The Nature of Law


Law is a set of rules that are created and enforced by social or governmental institutions to regulate human behavior. It has been variously described as a science and as the art of justice.

Several goals of law have been identified, including maintaining peace, providing for equitable distribution of resources, ensuring justice, and keeping society organized. The nature of law varies from place to place, and from time to time. It may be based on religious precepts, on social custom and practice or, as the nineteenth century saw with French civil law, on comprehensive systems of codes that consolidated splintered legal traditions.

In a more ontological sense, Holmes defined law as each participant’s prediction of the intersection of his or her narrative with an external reality that is shaped by other peoples’ narratives. The deviation of one’s narrative from the narratives of other participants is a measure of the strength of law, which can be proven or hypothetical, sanctioned or unsanctioned, true or false and harmonious or antagonistic.

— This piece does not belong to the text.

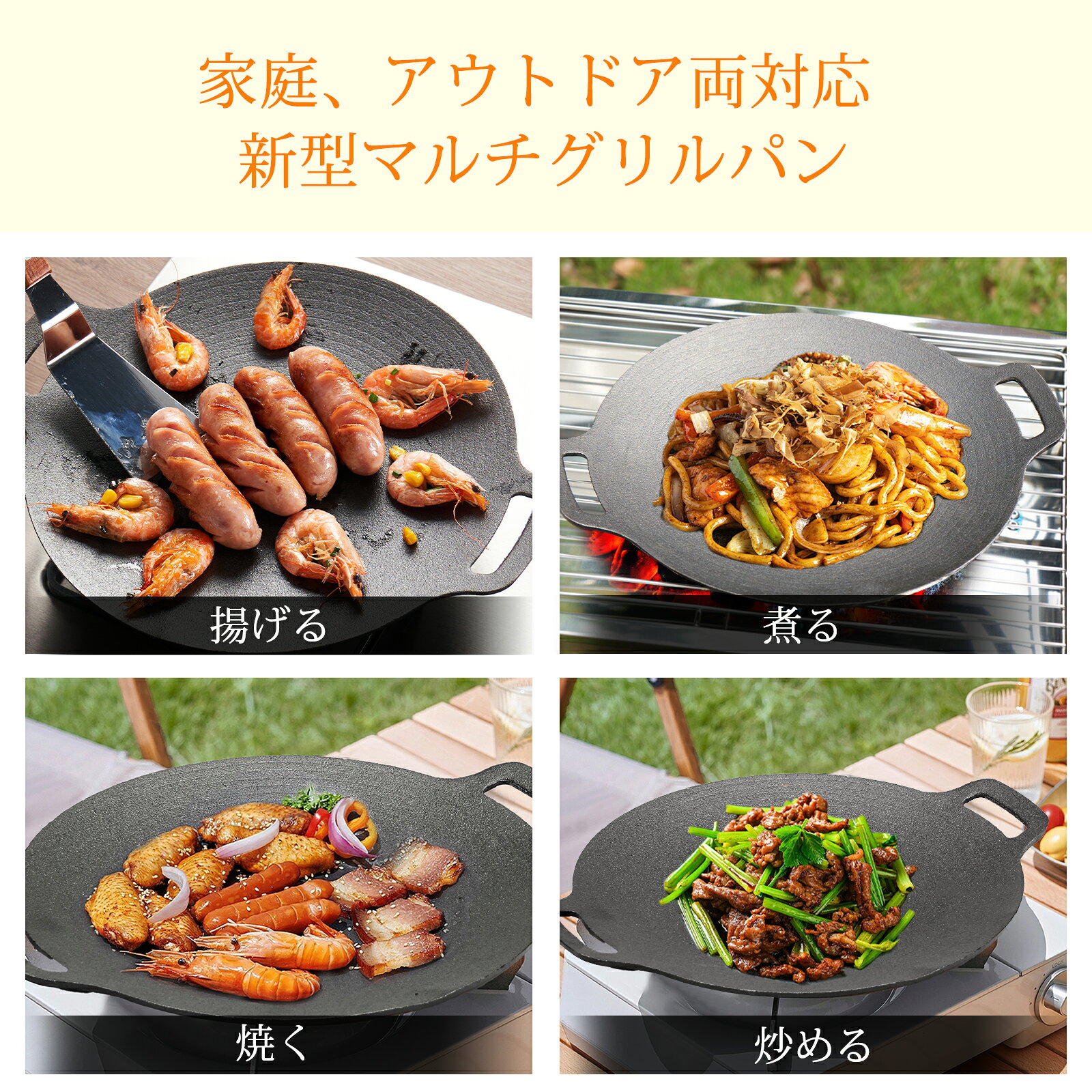 マルチグリドル 28cm 鉄板 鉄鋳物製 無塗装 IH ガス 焚き火 直火対応 グリルパン 両耳マルチグリドルパン 焼肉 キャンプ BBQ アウトドア 1~3人適用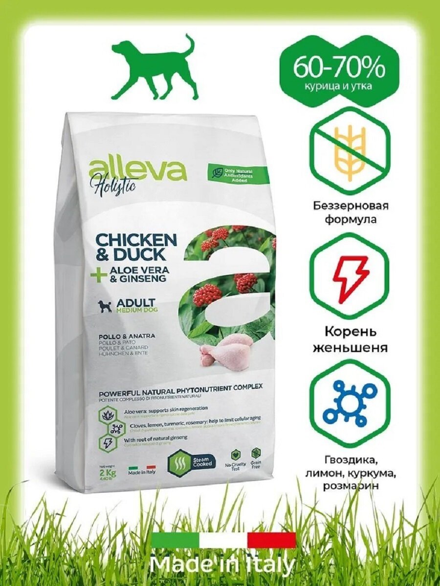 Сухой корм Alleva Holistic MEDIUM для взрослых собак средних пород, с курицей и уткой, алое вера и женьшенем, 2 кг

The fundamental objective of law is to ensure the rule of law, a principle that is central to a democratic society and that has been defined as public accountability, equality before the law, legal certainty, separation of powers, participation in decision making, and avoidance of arbitrariness and unwarranted extension of state power. This is achieved through measures such as supremacy of the law, public promulgation, equality in application of the law, legal certainty, the separation of executive and judicial functions, transparency of decision making and participation by all.

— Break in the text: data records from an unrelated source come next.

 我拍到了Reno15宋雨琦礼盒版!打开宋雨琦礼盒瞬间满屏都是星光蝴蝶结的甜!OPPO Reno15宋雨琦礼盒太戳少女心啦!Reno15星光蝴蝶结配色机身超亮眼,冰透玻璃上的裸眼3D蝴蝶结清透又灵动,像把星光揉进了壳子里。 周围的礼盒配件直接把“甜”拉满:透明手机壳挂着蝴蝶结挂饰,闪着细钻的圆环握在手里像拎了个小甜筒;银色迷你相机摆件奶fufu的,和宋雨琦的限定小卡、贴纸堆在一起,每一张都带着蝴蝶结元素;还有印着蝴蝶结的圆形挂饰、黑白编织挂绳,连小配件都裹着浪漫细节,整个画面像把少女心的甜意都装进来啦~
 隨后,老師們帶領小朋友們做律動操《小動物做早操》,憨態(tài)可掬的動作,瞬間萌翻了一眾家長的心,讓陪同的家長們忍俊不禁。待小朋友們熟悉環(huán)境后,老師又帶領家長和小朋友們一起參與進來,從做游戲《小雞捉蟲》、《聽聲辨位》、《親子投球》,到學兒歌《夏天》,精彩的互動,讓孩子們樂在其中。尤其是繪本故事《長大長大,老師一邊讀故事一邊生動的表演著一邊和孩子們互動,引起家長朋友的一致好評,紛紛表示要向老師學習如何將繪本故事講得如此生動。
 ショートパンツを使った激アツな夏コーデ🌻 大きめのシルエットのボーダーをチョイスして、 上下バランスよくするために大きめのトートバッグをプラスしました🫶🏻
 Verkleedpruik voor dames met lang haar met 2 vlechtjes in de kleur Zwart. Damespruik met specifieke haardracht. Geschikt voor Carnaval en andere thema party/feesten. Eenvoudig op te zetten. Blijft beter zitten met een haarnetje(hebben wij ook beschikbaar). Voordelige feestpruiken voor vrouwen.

Another purpose of law is to establish standards for acceptable behaviour in society, for example by prohibiting certain acts such as causing physical injury to another person or damaging property. This function can also be seen in the constitutional guarantee of a defendant’s right to a fair trial.

Finally, law is the source of justice, whether distributive or corrective. Distributive justice seeks to ensure that everyone gets what they deserve, while corrective justice attempts to rectify injustice. The law may also ensure that the state or private entities do not act without good cause or exceed their authority.

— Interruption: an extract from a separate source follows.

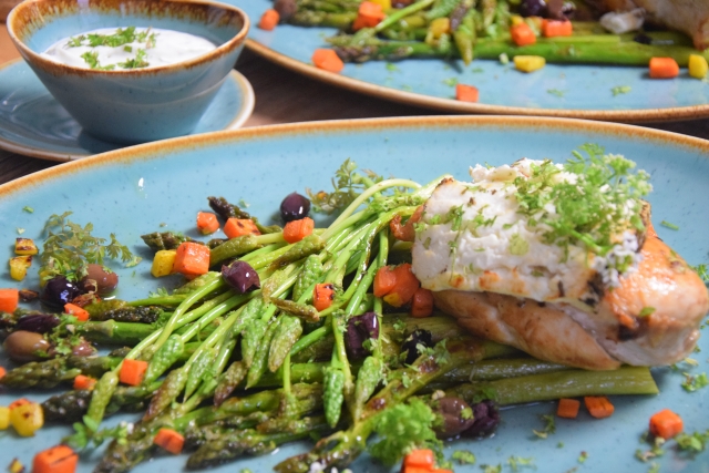 Gegrillte Hühnerbrust mit grünem Spargel und Wildspargel, Karotten, Zitronendressing. Dazu ein Kerbel-Frischkäse-Dip. Einfach köstlich. So spielt das Leben. So darf es.

Law is a complex issue that is the subject of much scholarly inquiry into law, history, philosophy, economic analysis and sociology. As a social construct, law is based on a set of assumptions that cannot be empirically tested. The concept of the law is not fixed, however, and continues to evolve as social and technological changes occur. For example, new technology such as the Internet has reshaped our understanding of how laws are made and how they are enforced. In addition, the responsibilities of the modern military, police forces and bureaucracies require new models of accountability that Max Weber and others have reshaped thinking about. These developments raise new issues concerning the scope of law and the limits on its power.